This means that construction grammarians argue, for instance, that active and passive versions of the same proposition are not derived from an underlying structure, but are instances of two different constructions. As constructions are pairings of form and meaning, active and passive versions of the same proposition are not synonymous, but display differences in content: in this case the pragmatic content.
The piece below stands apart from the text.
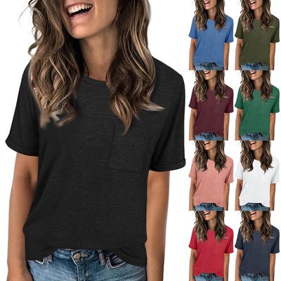 Dámske Módne Jednofarebné Okrúhly Výstrih Krátky Rukáv Vrecká Pulóver Ležérne Tričko Top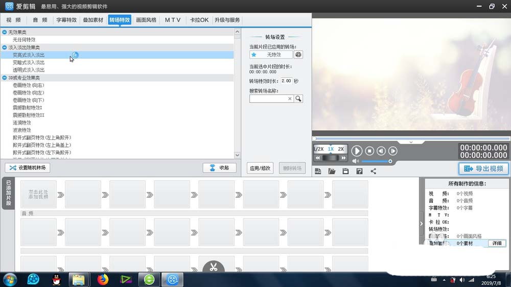 4、在軟件的上方工具欄里面,預(yù)覽我們剛才找到的:轉(zhuǎn)場(chǎng)特效-淡入淡出效果類

Some construction grammars 
As mentioned above, Construction grammar is a "family" of theories rather than one unified theory. There are a number of formalized Construction grammar frameworks. Some of these are:

Berkeley Construction Grammar
Berkeley Construction Grammar (BCG: formerly also called simply Construction Grammar in upper case) focuses on the formal aspects of constructions and makes use of a unification-based framework for description of syntax, not unlike head-driven phrase structure grammar. Its proponents/developers include Charles Fillmore, Paul Kay, Laura Michaelis, and to a certain extent Ivan Sag. Immanent within BCG works like Fillmore and Kay 1995 and Michaelis and Ruppenhofer 2001 is the notion that phrasal representations—embedding relations—should not be used to represent combinatoric properties of lexemes or lexeme classes. For example, BCG abandons the traditional practice of using non-branching domination (NP over N' over N) to describe undetermined nominals that function as NPs, instead introducing a determination construction that requires ('asks for') a non-maximal nominal sister and a lexical 'maximality' feature for which plural and mass nouns are unmarked. BCG also offers a unification-based representation of 'argument structure' patterns as abstract verbal lexeme entries ('linking constructions'). These linking constructions include transitive, oblique goal and passive constructions. These constructions describe classes of verbs that combine with phrasal constructions like the VP construction but contain no phrasal information in themselves.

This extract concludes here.